Leetcode #456: 132 Pattern
In this guide, we solve Leetcode #456 132 Pattern in Python and focus on the core idea that makes the solution efficient.
You will see the intuition, the step-by-step method, and a clean Python implementation you can use in interviews.
Problem Statement
Given an array of n integers nums, a 132 pattern is a subsequence of three integers nums[i], nums[j] and nums[k] such that i < j < k and nums[i] < nums[k] < nums[j]. Return true if there is a 132 pattern in nums, otherwise, return false.
Quick Facts
- Difficulty: Medium
- Premium: No
- Tags: Stack, Array, Binary Search, Ordered Set, Monotonic Stack
Intuition
The problem structure suggests a monotonic decision, which makes binary search a natural fit.
By halving the search space each step, we reach the answer efficiently.
Approach
Search either directly on a sorted array or on the answer space using a check function.
Each check is fast, and the logarithmic search keeps the overall runtime low.
Steps:
- Define the search bounds.
- Check the mid point condition.
- Narrow the bounds until convergence.
Example
Input: nums = [1,2,3,4]
Output: false
Explanation: There is no 132 pattern in the sequence.
Python Solution
class Solution:
def find132pattern(self, nums: List[int]) -> bool:
vk = -inf
stk = []
for x in nums[::-1]:
if x < vk:
return True
while stk and stk[-1] < x:
vk = stk.pop()
stk.append(x)
return False
Complexity
The time complexity is O(log n) or O(n log n).

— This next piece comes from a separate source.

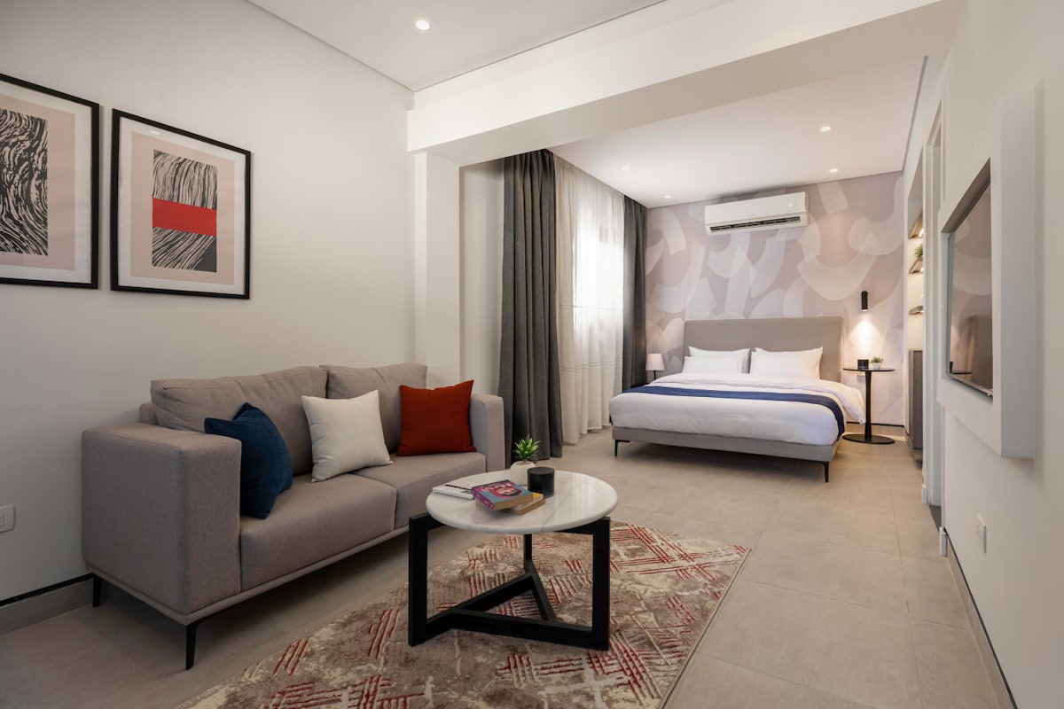 Welcome to our modern 3BR (170 sqm) hotel apartment by West Somid Developments! Designed for families, groups & professionals. Enjoy 5G Wi-Fi, 4 smart TVs, electric shutters & new furniture. 24/7 security, guest lobby, food delivery & optional cleaning. Free weekly cleaning. Guests can also enjoy a shared rooftop lounge — great for movie nights, relaxing evenings & family time. Just minutes from Mall of Arabia & top Zayed spots! ما نقدر نستضيف أي ثنائي عربي غير متزوج في نفس الشقة.

The space complexity is O(1).
Edge Cases and Pitfalls
Watch for boundary values, empty inputs, and duplicate values where applicable. If the problem involves ordering or constraints, confirm the invariant is preserved at every step.
Summary
This Python solution focuses on the essential structure of the problem and keeps the implementation interview-friendly while meeting the constraints.